Haoran Dou, Luyi Han, Yushuang He, Jun Xu, Nishant Ravikumar, Ritse Mann, Alejandro F. Frangi, Pew-Thian Yap, Yunzhi Huang

Abstract

Tumor infiltration of the recurrent laryngeal nerve (RLN) is a contraindication for robotic thyroidectomy and can be difficult to detect via standard laryngoscopy. Ultrasound (US) is a viable alternative for RLN detection due to its safety and ability to provide real-time feedback. However, the tininess of the RLN, with a diameter typically less than 3 mm, poses significant challenges to the accurate localization of the RLN. In this work, we propose a knowledge-driven framework for RLN localization, mimicking the standard approach surgeons take to identify the RLN according to its surrounding organs. We construct a prior anatomical model based on the inherent relative spatial relationships between organs. Through Bayesian shape alignment (BSA), we obtain the candidate coordinates of the center of a region of interest (ROI) that encloses the RLN. The ROI allows a decreased field of view for determining the refined centroid of the RLN using a dual-path identification network, based on multi-scale semantic information. Experimental results indicate that the proposed method achieves superior hit rates and substantially smaller distance errors compared with state-of-the-art methods.

Link to paper

DOI: https://link.springer.com/chapter/10.1007/978-3-031-16440-8_25

SharedIt: https://rdcu.be/cVRvQ

Link to the code repository

https://github.com/wulalago/RLNLocalization

Link to the dataset(s)

N/A


Reviews

Review #1

  • Please describe the contribution of the paper

    This paper presented a learning-based framework to identify the RLN from a US image for pre-operative assessment of contraindication for robotic thyroidectomy, which introduces Bayesian shape alignment and Locate-Net for geometrical constraints and localization result refinement, respectively.

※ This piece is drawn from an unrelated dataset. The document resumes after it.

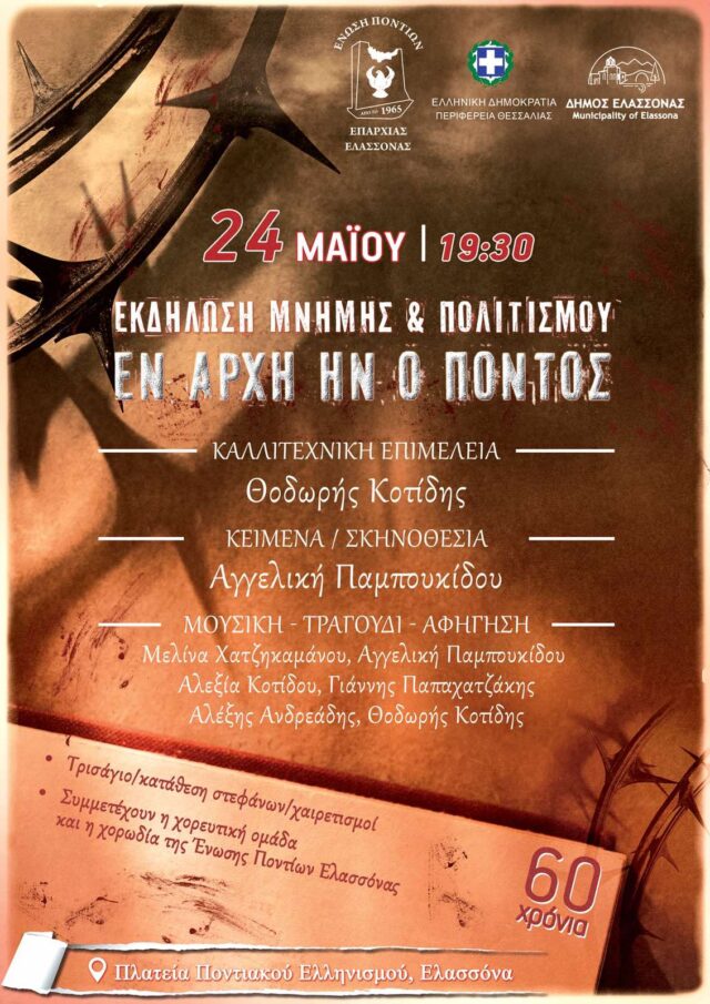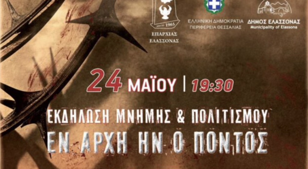 Με ευθύνη απέναντι στην ιστορία που γραφτηκε με τα μελανοτερα γραμματα και με κεντρικα προσωπα τα αδικοχαμενα θυματα μιας θηριωδιας,η Ενωση Ποντιων Επαρχιας Ελασσονας και φετος,σε συνεργασια με την Περιφερεια Θεσσαλιας και τον Δημο Ελασσονας,συνδιοργανωνουν την ΕΚΔΗΛΩΣΗ ΜΝΗΜΗΣ ΚΑΙ ΠΟΛΙΤΙΣΜΟΥ,το Σαββατο 24 Μαιου 2025,στις 7:30 μ.μ,στην Πλατεια Ποντιακου Ελληνισμου,σε μια κορυφαια εκφραση συναισθηματων,αλλα και αγωνιστικων διεκδικησεων,μιας Γενοκτονιας που συντελεστηκε αλλα δεν αναγνωριστηκε ακομα απο τη διεθνη κοινοτητα,παρα απο ελαχιστες χωρες,χαριν των δηθεν γεωπολιτικων ισορροπιων….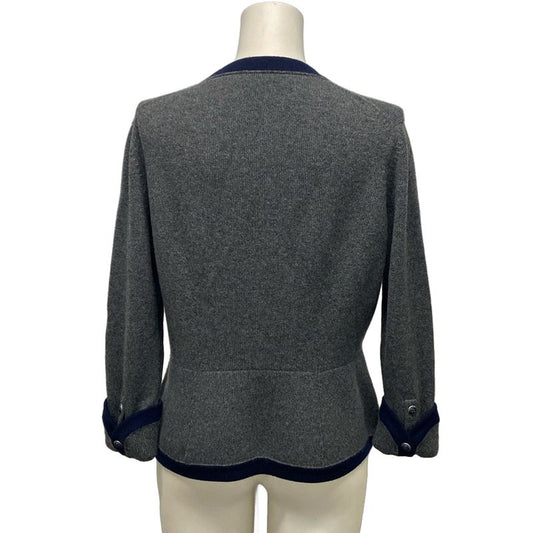 Chanel Cardigan Size 42 L Women - P59182 Grey And Dark Navy Long Sleeves 2018

  • Please list the main strengths of the paper; you should write about a novel formulation, an original way to use data, demonstration of clinical feasibility, a novel application, a particularly strong evaluation, or anything else that is a strong aspect of this work. Please provide details, for instance, if a method is novel, explain what aspect is novel and why this is interesting.

    This paper is well-written and organized. The idea of mimicking the standard approach surgeons take to identify the RLN according to its surrounding organs and using the inherent relative spatial relationships between organs is interesting and proved helpful.

  • Please list the main weaknesses of the paper. Please provide details, for instance, if you think a method is not novel, explain why and provide a reference to prior work.

    More details about the experiments and analysis related to the results should be included.

  • Please rate the clarity and organization of this paper

    Very Good

  • Please comment on the reproducibility of the paper. Note, that authors have filled out a reproducibility checklist upon submission. Please be aware that authors are not required to meet all criteria on the checklist - for instance, providing code and data is a plus, but not a requirement for acceptance

    I believe that the obtained results can be reproduced.

  • Please provide detailed and constructive comments for the authors. Please also refer to our Reviewer’s guide on what makes a good review: https://conferences.miccai.org/2022/en/REVIEWER-GUIDELINES.html

    It would be better to explain more about the relationships among the surrounding organs.

  • Rate the paper on a scale of 1-8, 8 being the strongest (8-5: accept; 4-1: reject). Spreading the score helps create a distribution for decision-making

    6

  • Please justify your recommendation. What were the major factors that led you to your overall score for this paper?

    The novelty of the proposed method and the experiments are sufficient for weak accept.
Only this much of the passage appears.